In 2014 a 51-year-old student pilot flight-planned for a dual night cross-country, only to have the instructor change the plan to another destination on the day of the proposed flight. No updates or revisions were made to the original flight plan.
The CFI and student took off at sunset in a Cessna 172S equipped with analog instruments instead of the G1000-equipped 172 that had been reserved, but was not available. They practiced a bit of pilotage and some VOR tracking, and made two or three stop-and-go landings at the airport en route. By the time they left it was completely dark, the moon still below the horizon.
The instructor had the student level off at 3,000 feet and hold a heading of 240 degrees. Knowing they were near the hills, the student asked about elevations in the area. The CFI “replied that he did not know the specific terrain elevation because the aircraft did not have the G1000.” The student further recalled that they didn’t have any paper charts open in the cockpit, though a copy of the Washington, D.C., Sectional was folded up inside his flight bag.
A glance at that sectional wouldn’t have been a bad idea. Their cruising altitude was well below the maximum elevation figures (MEF) in the area, which ranged from 3,600 to 4,400 feet. But it wouldn’t have helped with arrival planning, as their destination airport was on the adjoining Cincinnati Sectional. It sits on top of a ridge at nearly 3,800 feet above sea level—800 feet higher than the altitude at which they were flying toward it.
The CFI began a series of autopilot demonstrations, making turns at 20- and 30-degree banks and then setting up a constant-rate climb. With the airplane pitched to climb at 500 feet per minute, the student noticed its airspeed decaying and asked whether he should add power. Just after the instructor opened the throttle, the airplane crashed into a hillside 300 feet below its summit. The MEF in that quadrant was 5,100 feet. The instructor was killed; his student survived and was rescued the next afternoon. Their decision not to file a flight plan meant that the airplane was not reported missing until morning, and searchers didn’t know its route. Moreover, air traffic control failed to follow up on several reports of the Cessna’s ELT transmission.

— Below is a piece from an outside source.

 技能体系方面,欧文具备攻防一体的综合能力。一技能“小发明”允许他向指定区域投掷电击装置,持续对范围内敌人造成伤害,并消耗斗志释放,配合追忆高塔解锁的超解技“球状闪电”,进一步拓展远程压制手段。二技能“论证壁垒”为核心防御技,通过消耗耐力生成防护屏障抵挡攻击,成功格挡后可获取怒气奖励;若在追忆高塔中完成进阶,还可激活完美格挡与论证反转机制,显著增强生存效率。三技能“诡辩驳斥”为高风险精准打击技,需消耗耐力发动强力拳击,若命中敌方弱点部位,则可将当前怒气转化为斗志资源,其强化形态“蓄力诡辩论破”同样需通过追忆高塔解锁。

The official record of the accident investigation offers no insight into the reasons for the instructor’s uncharacteristic behavior. In retrospect, it seems plain that his mind wasn’t on his work that evening: The abrupt change of destination without fresh flight planning and his failure to add power for an autopilot climb both suggest some deep distraction whose cause was never elucidated. He probably should have cancelled the lesson, but he didn’t.
Answers are easier for those of us pondering how to guard against this type of single-point failure, however. Requiring all cross-country flights to operate on active flight plans at least guarantees that search-and-rescue will know where to look and when to start if an aircraft never arrives—and the briefing that accompanied the filing might have pointed out an en route altitude of 3,000 feet wasn’t going to reach an airport situated at 3,800.
David Jack Kenny is manager of safety analysis for the AOPA Air Safety Institute.